Esai-7 Belajar Manajemen Pengelolaan Sampah di TPST Randu Alas
Dosen Pengampu Dr. Arundati Shinta, M.A
Ratu Sabinawangi
24310410204
Kelas Reguler A
Fakultas Psikologi
Universitas Proklamasi 45 Yogyakarta
TPST Randu Alas menjadi ruang belajar nyata tentang bagaimana sampah dikelola secara terstruktur di tingkat komunitas. Kegiatan belajar di TPST ini memberikan pemahaman bahwa pengelolaan sampah bukan sekadar aktivitas teknis memindahkan atau membuang sampah, melainkan sebuah sistem manajemen yang melibatkan perencanaan, pengorganisasian, pelaksanaan, dan pengawasan secara berkelanjutan. Melalui pengamatan langsung, terlihat bahwa keberhasilan TPST Randu Alas tidak hanya ditentukan oleh alat dan teknologi, tetapi juga oleh peran manusia di dalamnya.
Manajemen pengelolaan sampah di TPST Randu Alas diawali dari proses penerimaan sampah yang berasal dari masyarakat sekitar. Sampah yang masuk dipilah berdasarkan jenisnya, seperti sampah organik, anorganik, dan residu. Proses pemilahan ini menjadi tahap penting karena menentukan alur pengolahan selanjutnya. Sampah organik diolah menjadi kompos, sedangkan sampah anorganik seperti plastik dan kertas dipilah kembali untuk didaur ulang atau dijual ke pihak pengepul. Adapun sampah residu yang tidak dapat diolah akan dikelola lebih lanjut agar tidak mencemari lingkungan.

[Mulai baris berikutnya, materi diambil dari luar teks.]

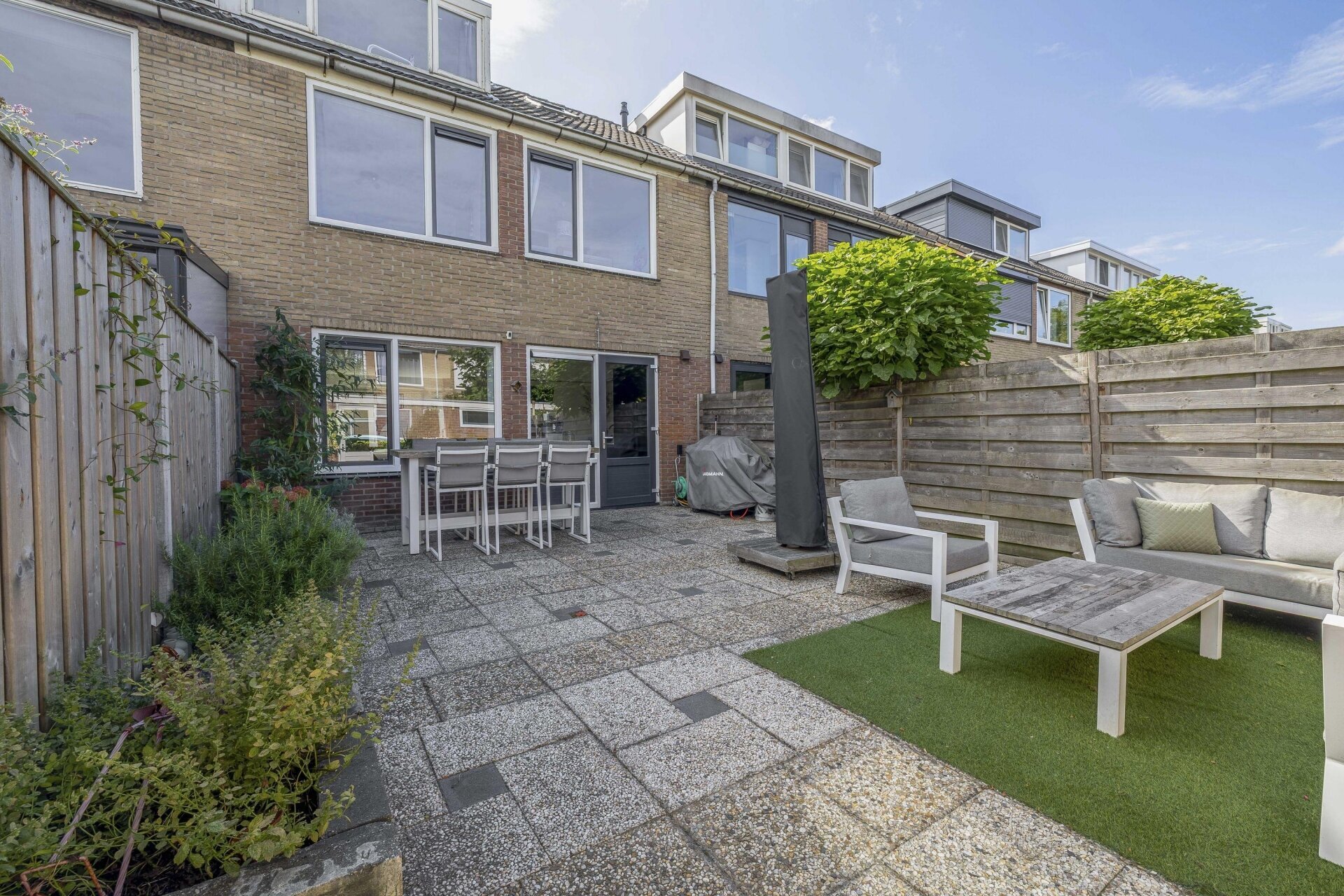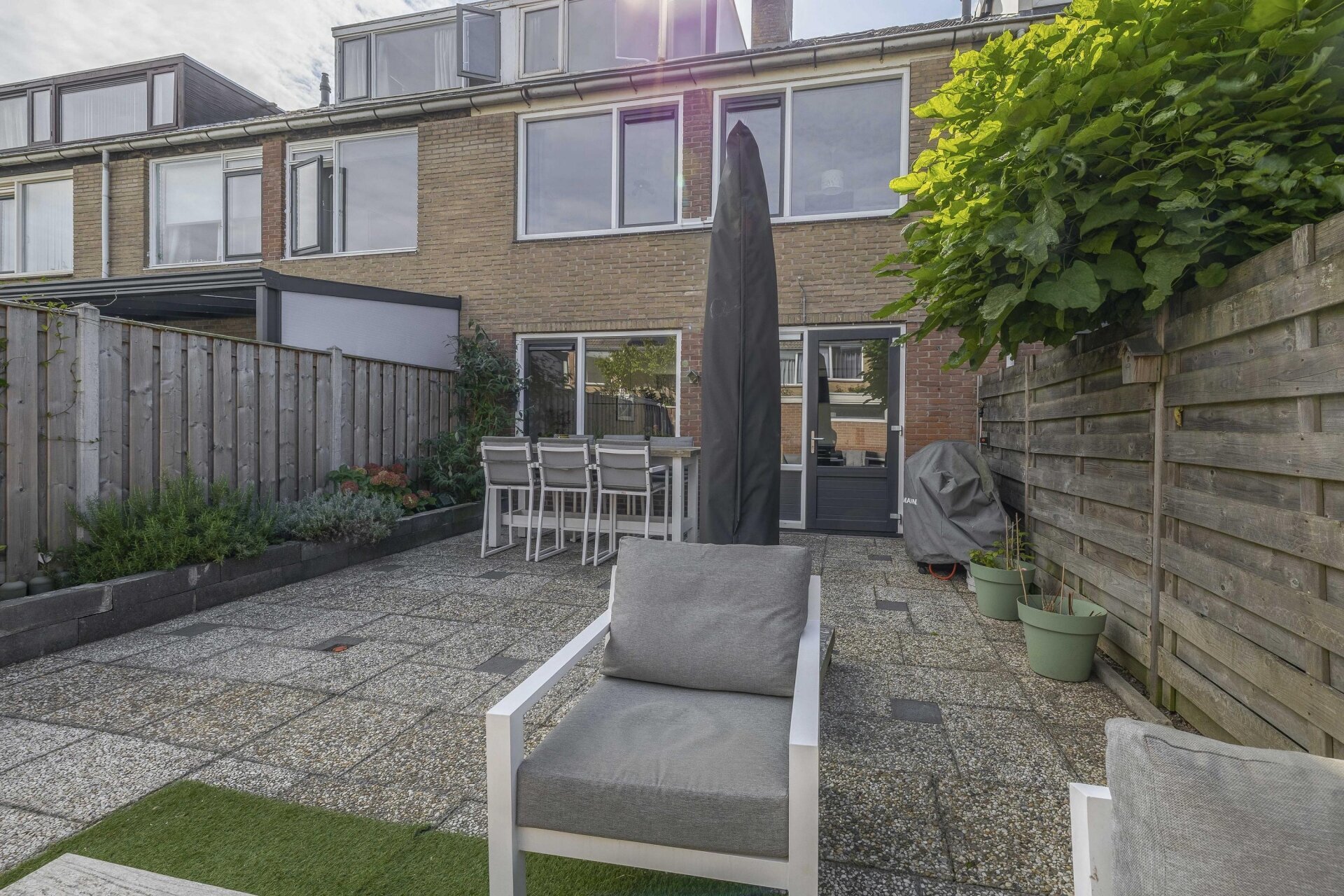 Aan de achterzijde vind je een zonnige tuin op het noordwesten – perfect om in de middag en avond te genieten van de zon. De tuin is onderhoudsvriendelijk aangelegd en biedt ruimte voor zowel een loungeset als een eettafel. Achterin staat een stenen berging, ideaal voor fietsen, gereedschap of extra opslag. Via een achterom is de tuin ook praktisch bereikbaar.
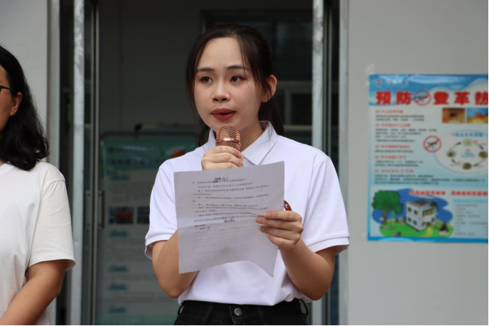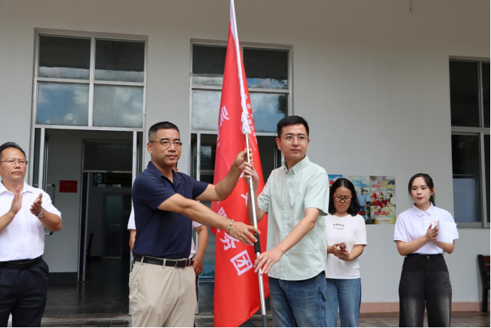 仪式上,公司教师代表周祥,2021级农业资源与环境专业员工代表王小晴作表态发言。最后,缪卫国经理为志愿服务队授旗。
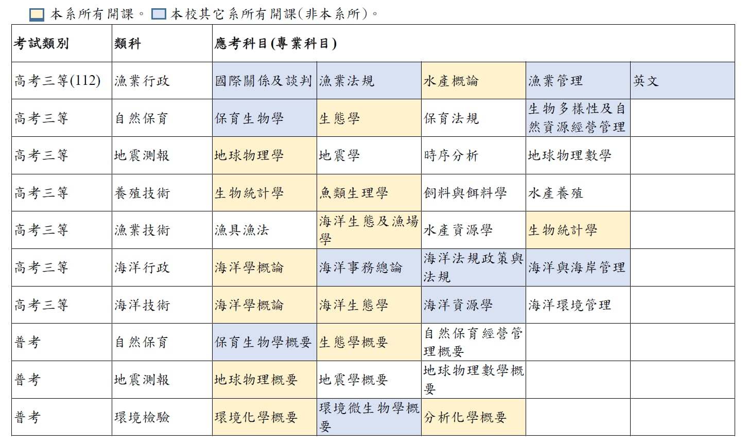 本系課程規劃亦涵蓋了國家考試、國內研究所考試的相關課程,將持續輔導有志進修學生繼續深造。自110年起國家考試高考三級新增海洋行政與海洋技術類科,亦有多位畢業校友考取,展現本系培育海洋相關專業行政與技術人員之成效。彙整與國家考試科目相關之課程如下表,未來也將因應國考考科變革進行調整。
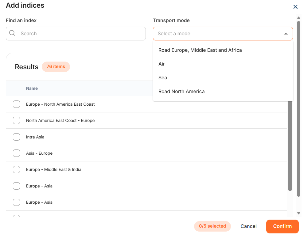 Use the search bar to find the correct route(s) if necessary. Confirm your choice by clicking 'Confirm' at the bottom right.
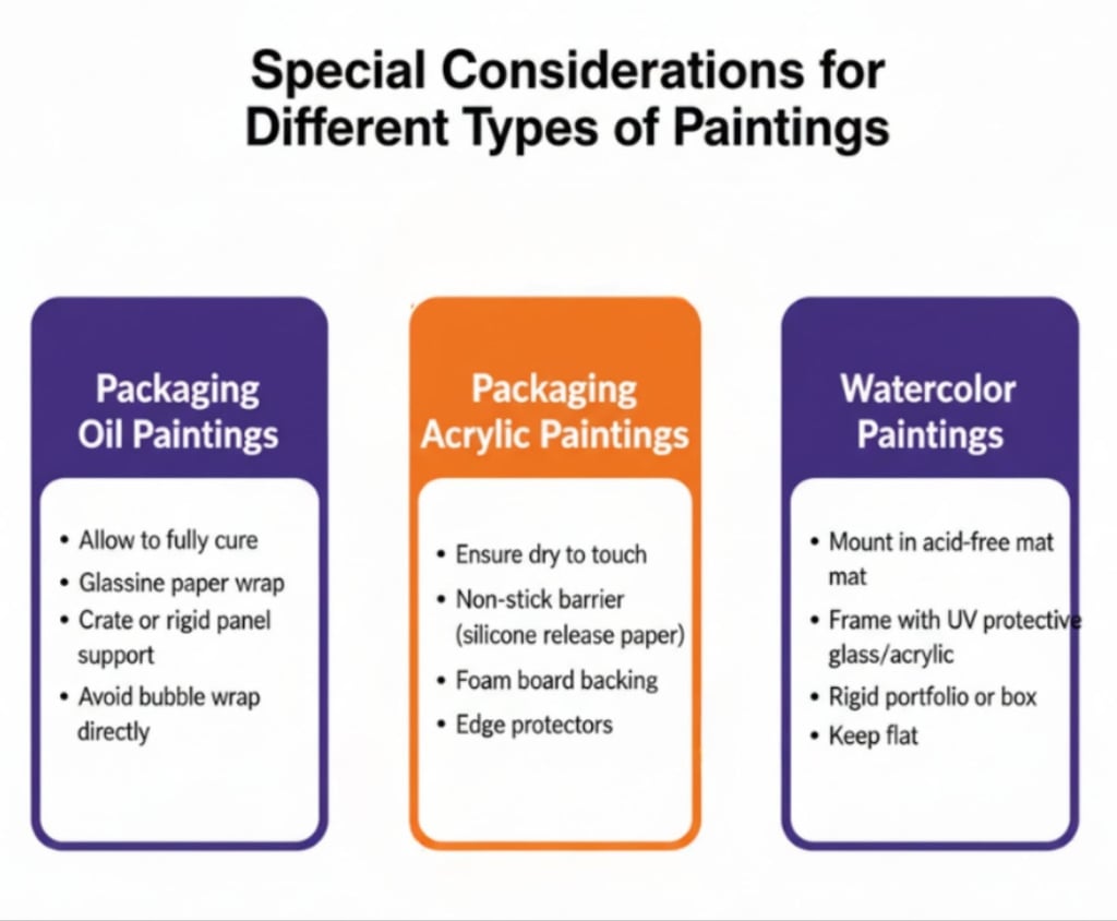 Different media react differently to temperature, pressure, and moisture. This section explains specific protective steps for oil, acrylic, and watercolor paintings so you can ship each one safely.
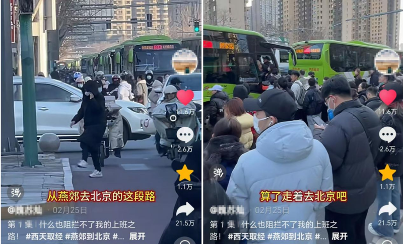 一位住在燕郊的抖音博主,曾记录了一次艰苦的上班经历:早晨7点,他登上前往北京的公交车,结果这辆车用了1小时,只走了1.7公里。他决定下车步行,走到堵车队伍的最前面,去坐“排头”那一辆。
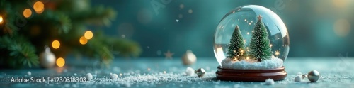 A delicate glass globe filled with mini pine trees, snowflakes, and sparkling ornaments, snowflakes, decoration, pine
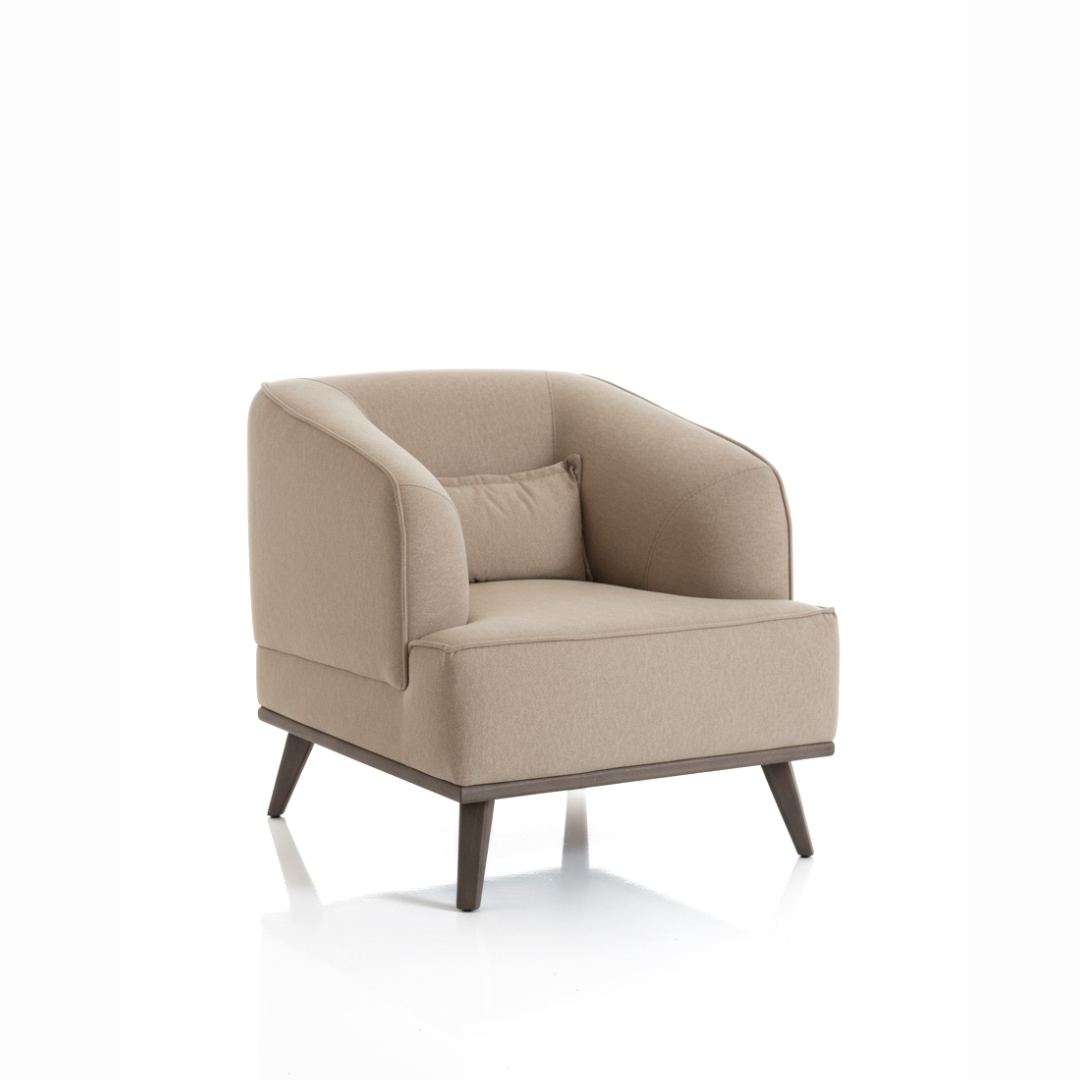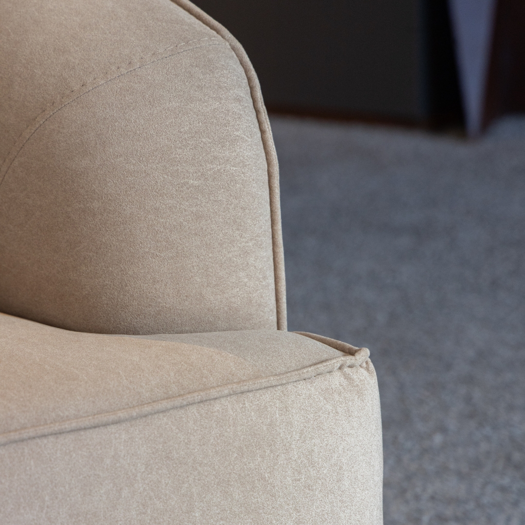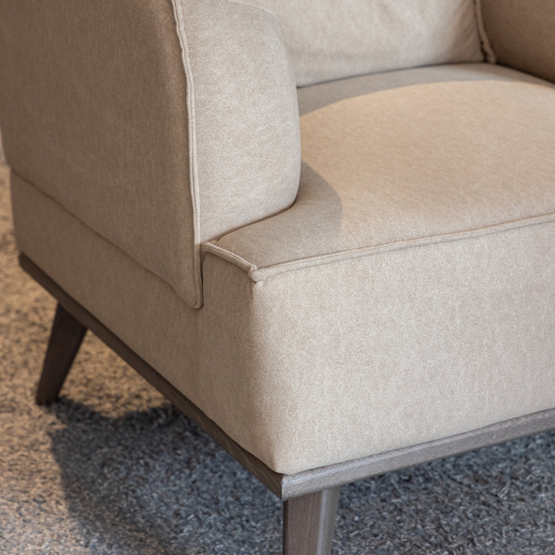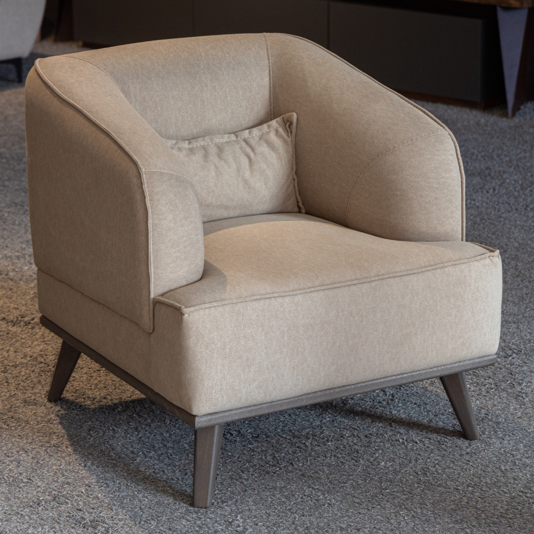 Libra fotelja donosi savršen balans modernog dizajna, udobnosti i funkcionalnosti. Njene meke, zaobljene forme kreiraju prijatan i topao vizuelni utisak, dok elegantno podignuta konstrukcija na drvenim nogicama daje lakoću i profinjen izgled u prostoru.
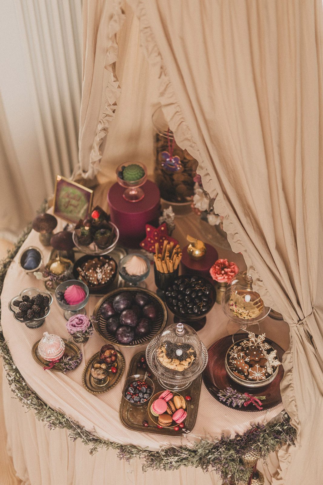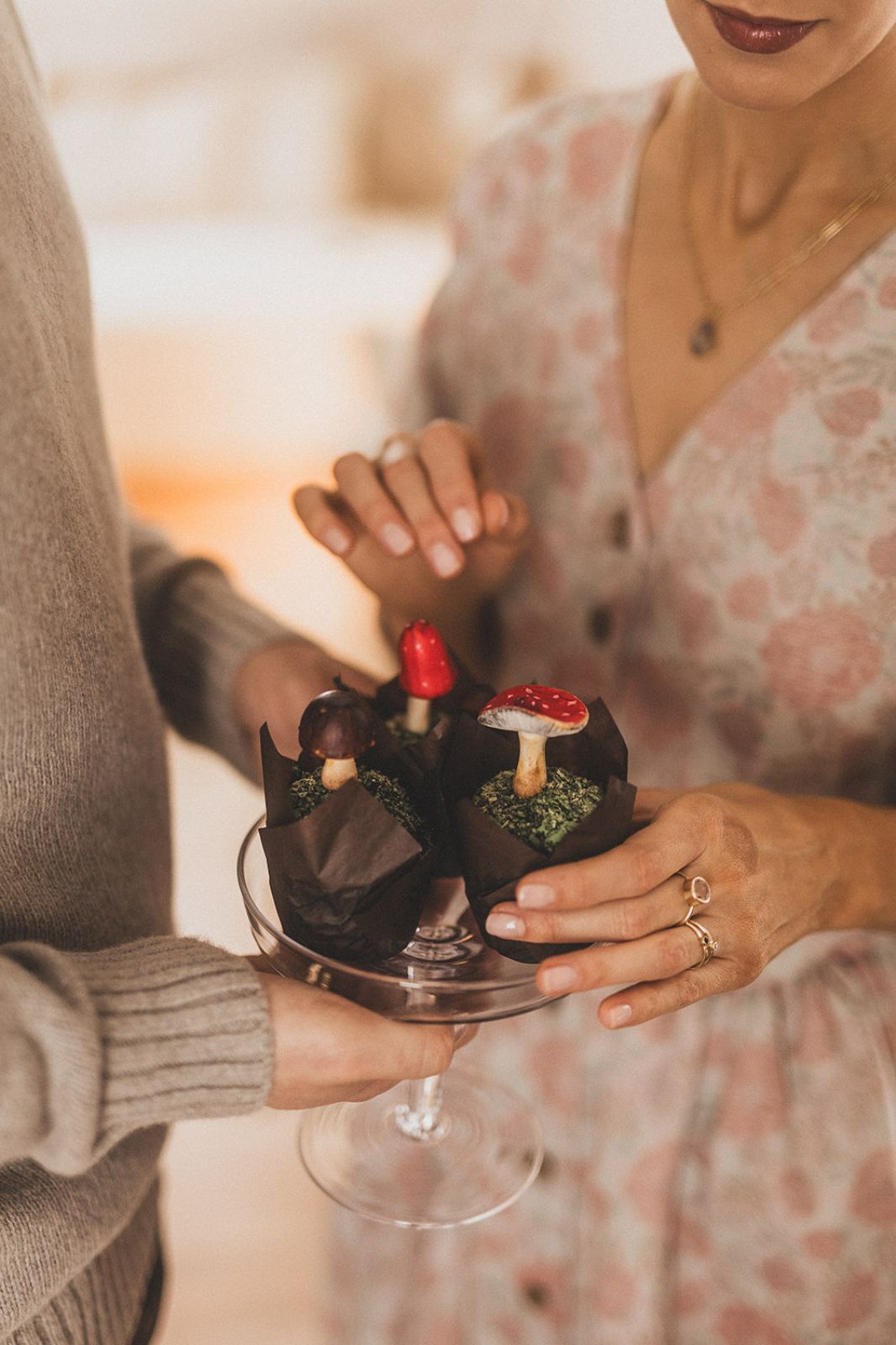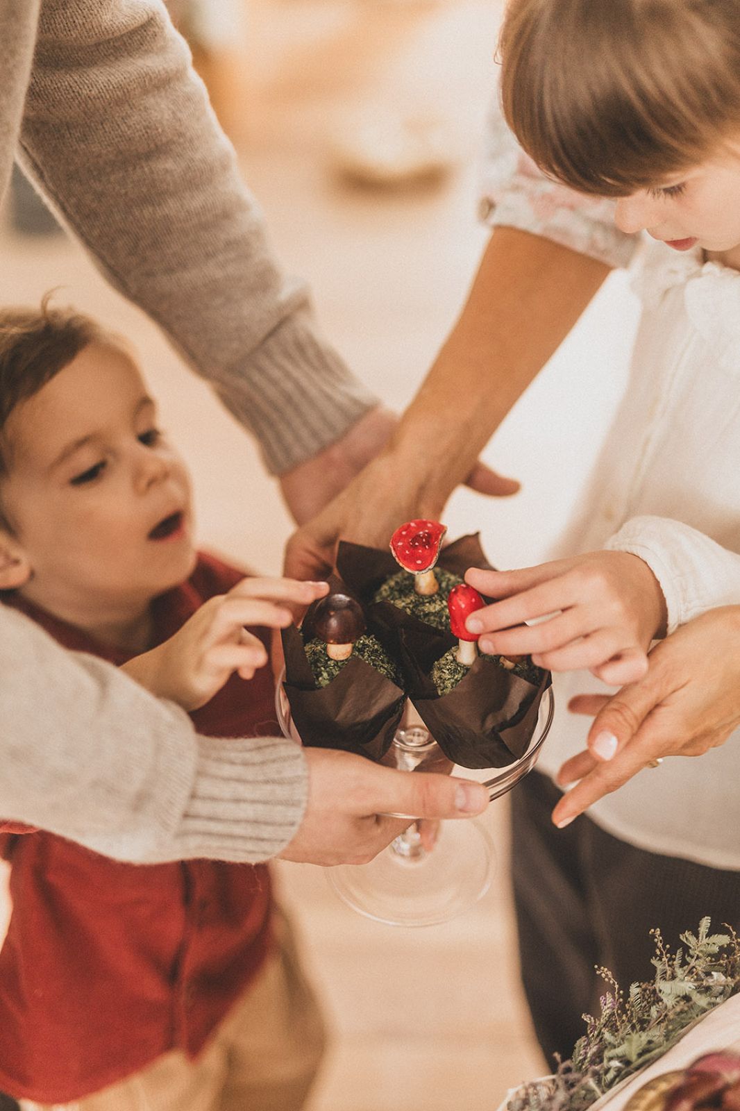Na talerzykach stoją fioletowe desery ukryte w kryształowych pucharkach, zielone muffiny ozdobione maleńkimi muchomorkami, a dziecięce dłonie ostrożnie chwytają wypieki, jakby trzymały w nich małe, delikatne talizmany...

Dari sisi manajemen sumber daya manusia, TPST Randu Alas menunjukkan pembagian tugas yang jelas di antara para pengelola. Setiap petugas memiliki tanggung jawab tertentu, mulai dari pengangkutan, pemilahan, hingga pengolahan sampah. Pembagian kerja ini membantu proses pengelolaan berjalan lebih efektif dan efisien. Selain itu, kerja sama antarpetugas menjadi kunci utama agar sistem tetap berjalan, mengingat volume sampah yang terus datang setiap hari.
Aspek manajemen lainnya yang penting adalah pengelolaan sarana dan prasarana. TPST Randu Alas memanfaatkan peralatan sederhana namun fungsional untuk mendukung kegiatan pengolahan sampah. Keterbatasan alat tidak menjadi hambatan utama karena diimbangi dengan kreativitas dan pengalaman para pengelola. Hal ini menunjukkan bahwa manajemen yang baik tidak selalu bergantung pada teknologi canggih, tetapi pada kemampuan mengoptimalkan sumber daya yang ada.
Melalui proses belajar di TPST Randu Alas, muncul kesadaran bahwa pengelolaan sampah membutuhkan keterlibatan semua pihak, termasuk masyarakat sebagai penghasil sampah. TPST bukan hanya tempat pengolahan, tetapi juga pusat edukasi lingkungan. Dengan manajemen yang tertata dan berorientasi pada keberlanjutan, TPST Randu Alas menjadi contoh bahwa pengelolaan sampah di tingkat lokal dapat memberikan dampak positif bagi lingkungan dan masyarakat sekitar.